A dual-peptides and specific promoter-modified nano gene delivery system for myocardial hypertrophy treatment

Cardiac hypertrophy represents the heart's adaptive response to physiological or pathological stimuli, functioning to alleviate ventricular wall stress and preserve cardiac function and efficiency. However, pathological hypertrophy usually progresses to heart failure.
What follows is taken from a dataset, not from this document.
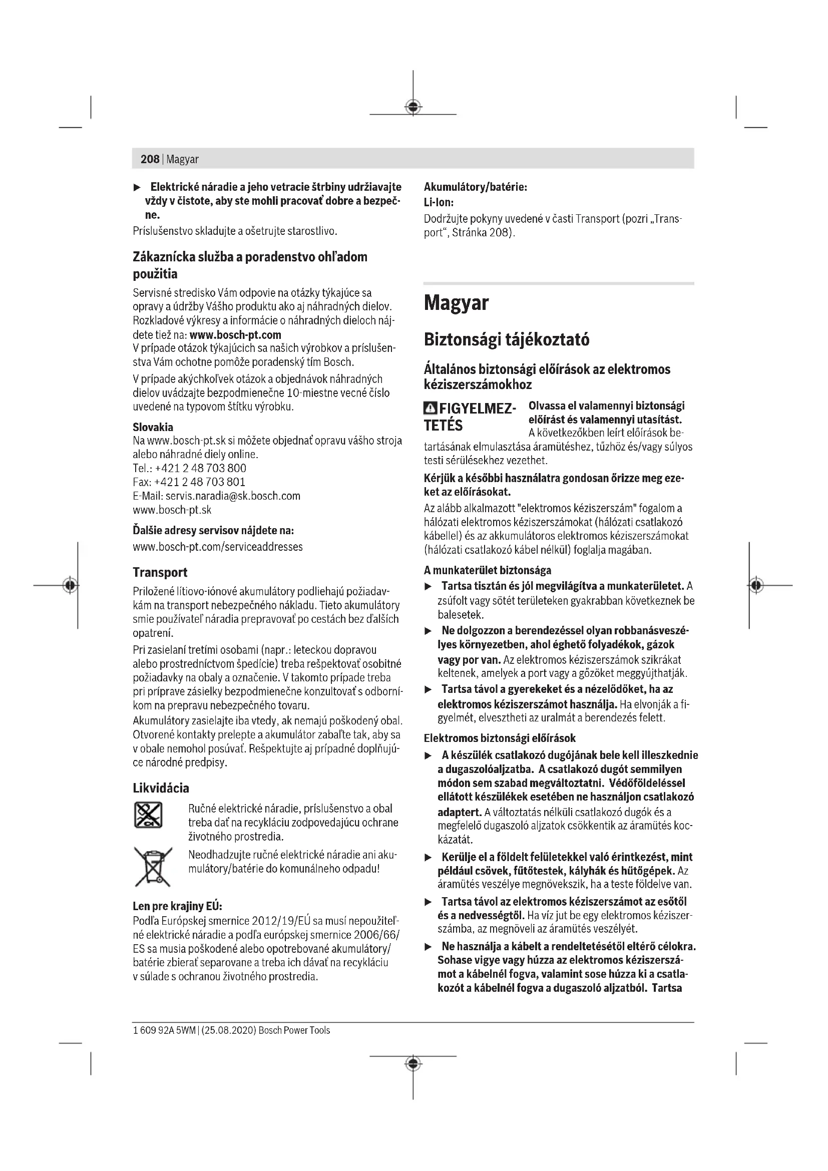 ] [m/s] 125 7 22,2 9000 80 125 – – 9000 80 75 30 M 14 9000 45 82 – M 14 9000 80 A hajtóműfej elforgatása (GWS 18V-10 PC) u Az elektromos kéziszerszámon végzendő minden munka (például karbantartás, szerszámcsere, stb.) megkezdése előtt, valamint szállításhoz és tároláshoz Bosch Power Tools 1 609 92A 5WM | (25.08.2020)218 | Magyar vegye ki az akkumulátort az elektromos kéziszerszám- ból. Ellenkező esetben a be‑/kikapcsoló véletlen megérin- tésekor bekapcsolódó készülék sérüléseket okozhat. A hajtóműfejet 90°-os lépé- sekben el lehet forgatni. Így a be-/kikapcsolót különle- ges munkavégzési esetek- hez, például balkezes keze- lők számára, egy előnyö- sebb helyzetbe lehet hozni. Teljesen csavarja ki a 4 csa- vart. Óvatosan, és anélkül, hogy levenné a házról, for- gassa el az új helyzetbe a hajtóműfejet. Húzza meg ismét szo- rosra a 4 csavart. Por- és forgácselszívás Az ólomtartalmú festékrétegek, egyes fafajták, ásványok és fémek pora egészségkárosító hatású lehet. A poroknak a ke- zelő vagy a közelben tartózkodó személyek által történő megérintése vagy belégzése allergikus reakciókhoz és/vagy a légutak megbetegedését vonhatja maga után. Egyes faporok, például tölgy- és bükkfaporok rákkeltő hatá- súak, főleg ha a faanyag kezeléséhez más anyagok is vannak bennük (kromát, favédő vegyszerek). A készülékkel azbesz- tet tartalmazó anyagokat csak szakembereknek szabad meg- munkálniuk. – Gondoskodjon a munkahely jó szellőztetéséről. – Ehhez a munkához célszerű egy P2 szűrőosztályú porvé- dő álarcot használni. A feldolgozásra kerülő anyagokkal kapcsolatban tartsa be az adott országban érvényes előírásokat. u Gondoskodjon arról, hogy a munkahelyén ne gyűlhes- sen össze por. A porok könnyen meggyulladhatnak. Üzemeltetés Üzembe helyezés Az akkumulátor beszerelése Tolja be a megtöltött (8) akkumulátort elölről az elektromos kéziszerszám lábrészébe, amíg az akkumulátor biztonságo- san reteszelésre kerül. Be- és kikapcsolás Az elektromos kéziszerszám üzembe helyezéséhez tolja előre a (10) reteszelés feloldó kart, majd nyomja fel a (6) be-/kikapcsolót. Az elektromos kéziszerszám kikapcsolásához eressze el a (6) be-/kikapcsolót. u Minden használat előtt ellenőrizze a csiszolószerszá- mokat. Győződjön meg arról, hogy a csiszolószerszám helyesen van felszerelve és szabadon forog. Hajtson végre egy terhelés nélküli, legalább 1 perces próbafu- tást. Megrongálódott, nem kerek, vagy berezgő csi- szolószerszámokat ne használjon. A megrongálódott csiszolószerszámok széttörhetnek és sérüléseket okoz- hatnak. Visszarugási kikapcsolás Az elektromos kéziszerszám hirtelen visszarú- gásakor, például daraboló vágásnál egy leblok- kolás esetén, a motor áramellátását a rendszer elektronikus úton megszakítja. Ekkor a (4) munkahely megvilágító lámpa fehér színben, a (37) állapot kijelző pedig piros színben villog. Az ismételt üzembe helyezéshez hozza a (6) be-/kikapcsolót kikapcsolt helyzetbe és kapcsolja ismét be az elektromos ké- ziszerszámot. Újraindulás elleni védelem Az újraindulás elleni védelem az áramellátás megszakítása majd helyreállítása esetén meggátolja az elektromos kézi- szerszám akaratlan újraindulását. Ha az újraindulás elleni védelem aktiválva van, a (37) állapot kijelző piros színben villog. Az ismételt üzembe helyezéshez hozza a (6) be-/kikapcso- lót a kikapcsolt helyzetbe, majd ismét kapcsolja be az elekt- romos kéziszerszámot. Felhasználó interfész (lásd a D ábrát) A (5) felhasználó interfész a fordulatszám-előválasztásra, va- lamint az elektromos kéziszerszám állapotának kijelzésére szolgál. Fordulatszám-előválasztás (GWS 18V-10 PSC) A (36) fordulatszám előválasztó gombbal a szükséges fordulatszámot üzem közben is ki lehet jelölni. Az alábbi táblázatban ta- lálható adatok javasolt értékek. Anyag Alkalmazás betétszerszám Fordulatszám-fokozat választás

Gene therapy, in contrast to conventional chemotherapeutic drugs, has the ability to impact cardiac hypertrophy directly, while the lack of adequate vectors limits its application. Gemini surfactants (GS) have been proven to be effective for transfection in vivo in earlier research. To diminish the natural liver targeting of GS nanoparticles, a dual-targeted myocardial biomimetic GS nanocomplex gene delivery system with functional peptides TAT and PCM modified and synergized with cardiac-specific promoter chicken cardiac troponin T promoter (cTnT) is designed in this study. Bioluminescence imaging reveals the utility of targeting hypertrophy myocardium, resulting in low localization in the liver upon systemic administration. Biochemical indicators, echocardiography, gross morphology and histology all indicate that GS-nanocomplexes attenuate ISO-induced cardiac hypertrophy. RNA sequencing results reflect different uptake pathways for different GS nanocomplexes, and the investigation of cellular uptake under various endocytosis inhibitors demonstrate that clathrin-mediated endocytosis (CME) serves as the primary endocytic pathway for GS-pDNA uptake and caveolin-mediated endocytosis (CVME) serves as the primary endocytic pathway for GS-pDNA-TP-RBCM uptake. The endocytic pathway for nanocomplexes is confirmed by CAV-1 silencing. In summary, this research presents a dual myocardium-targeted biomimetic GS nanocomplex for gene delivery for cardiomyocytes. The in vivo and in vitro targeting ability, good biocompatibility and helpful therapeutic efficacy for cardiac hypertrophy are verified, and the uptake mechanism and intracellular transport pathway of GS nanocomplex are revealed. This innovative approach provides a promising therapeutic strategy for the treatment of cardiac hypertrophy.